Music / Folk/country
Review: Gretchen Peters, St George’s
Spring is the symbol of revival, resurgence and new hopes. On this mild evening, sun rays softly heat the facade of St George’s church. Gretchen Peters comes back to Bristol to present her new album Dancing with the Beast, after her critically-acclaimed Blackbirds, released three years earlier. The 2016 election and the feminist movements which followed fuelled Peters’ imagination. Female characters are depicted, interpreted, celebrated and praised. And just like the spring, the music is a wistful reflection on the past tinted with hopes of new beginnings.
The set opens with Arguing with Ghosts, also the first song on the new album. Immediately, the venue complements the music to highest quality (if perfection exists then it must resemble Gretchen Peters and band performing at St George’s). Every string that is picked or strummed softly resonates and then melts into an invisible velvety cushion. “I get lost in my hometown”, are the opening words of this disturbingly beautiful song. Melancholia and confusion emanate from it but at the same time, it sounds inspiring to be lost without a clear direction. Peters’ words betray a bittersweet relationship with pretty much everything. There is always darkness in light and vice versa and this reflects in her lyrics.

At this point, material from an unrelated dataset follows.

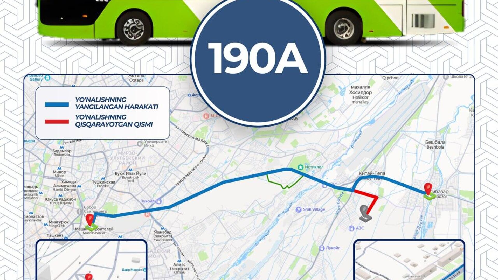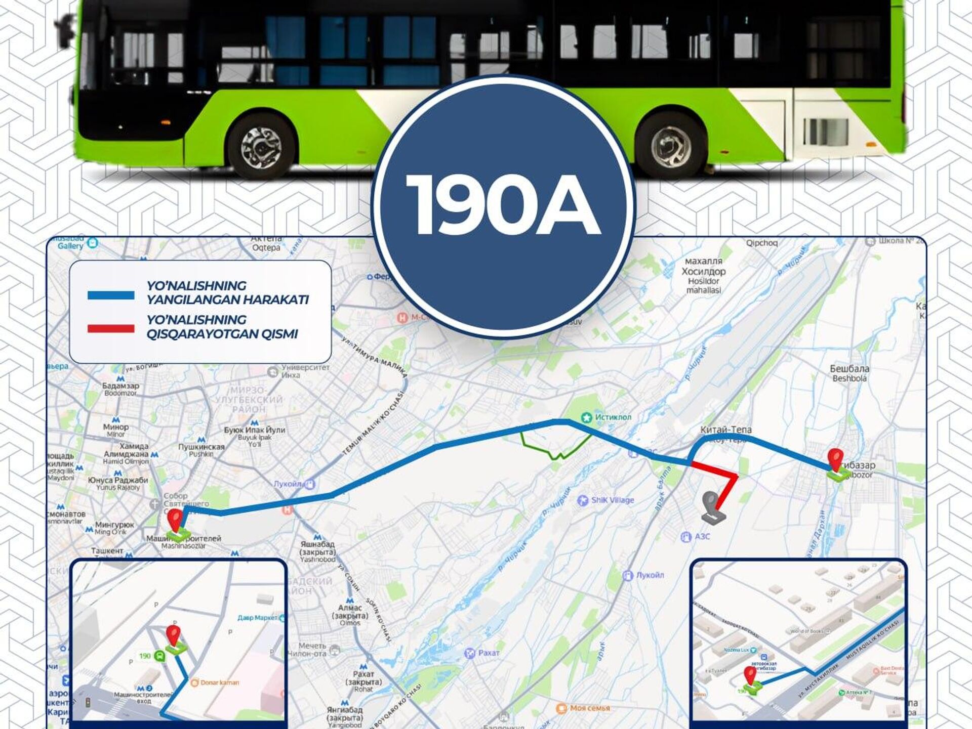 С 22 октября участок маршрута по улице Янги Узбекистон до остановки “Янги Тошкент” сокращен.
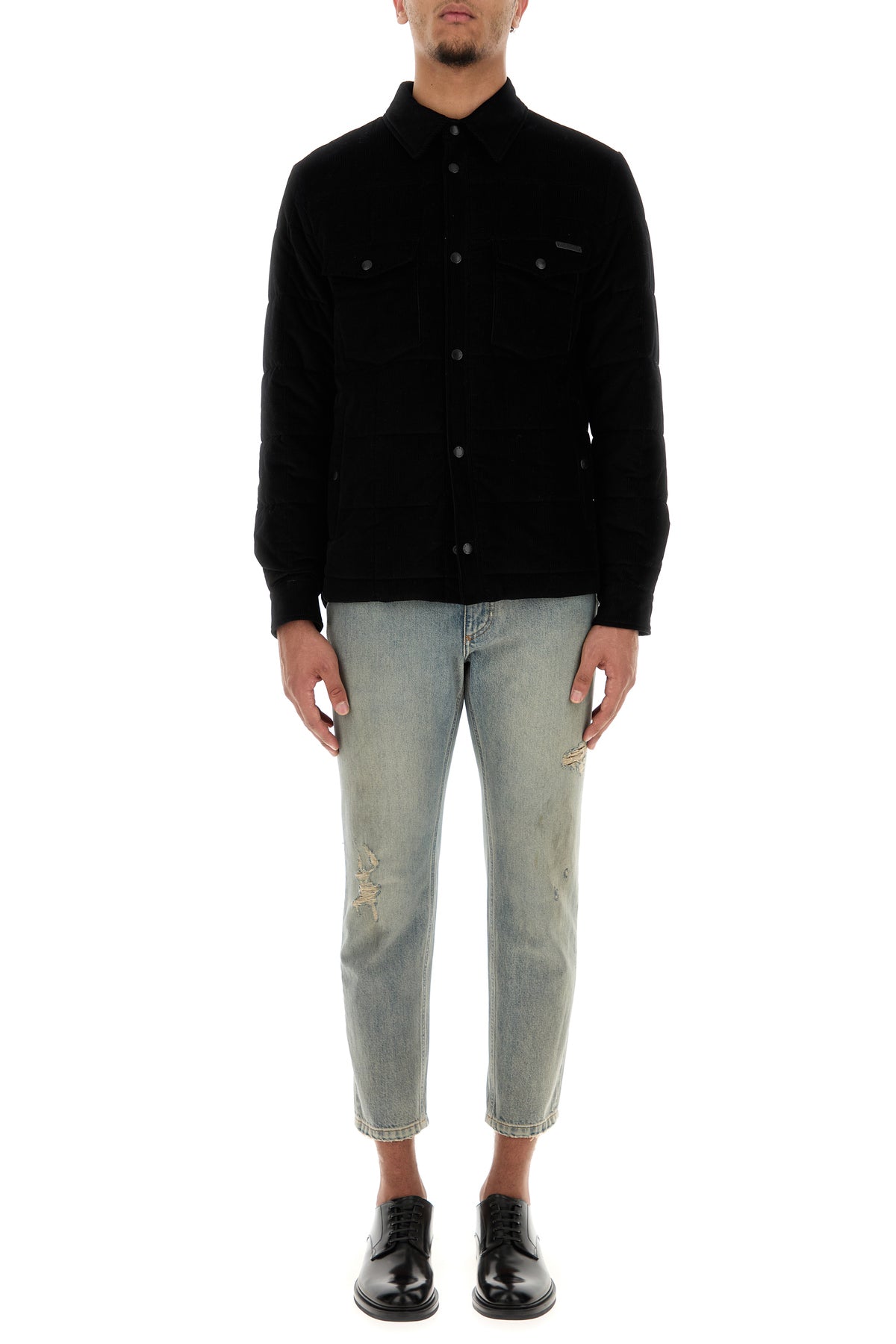 Giubbino imbottito realizzato in velluto a coste trapuntato arricchito da etichetta logata tonale sul petto.

Accompanied by a top-notch band and the lovely soothing vocals of support act Kim Richey on some numbers, Peters continues to perform new compositions such as The Boy from Rye, broaching the subject of adolescent insecurities, when a girl is not only a subject anymore but can become an object as well. Again, the attentive (and the quietest) audience is showed Peters’ crafty skills in song-writing. Lowlands, written after the 2016 election, breathes of overcast pessimism. The low mood is enhanced by the repetitive notes on the piano which brings another layer of nostalgia. Interestingly, the song doesn’t have a chorus, as if there wasn’t any lifebuoy to hold onto.
is needed now More than ever
She comes back and stands in front of the stage (lucky first row) for an unplugged version of Love That Makes a Cup of Tea, a splendid ballad influenced by a dream that she had of her late mother telling her that love can reside in the kind gestures of daily life. This concludes an evening of raw emotions and as the crowd vacate the venue with heads full of images, a spring-like hopefulness flutters in the air.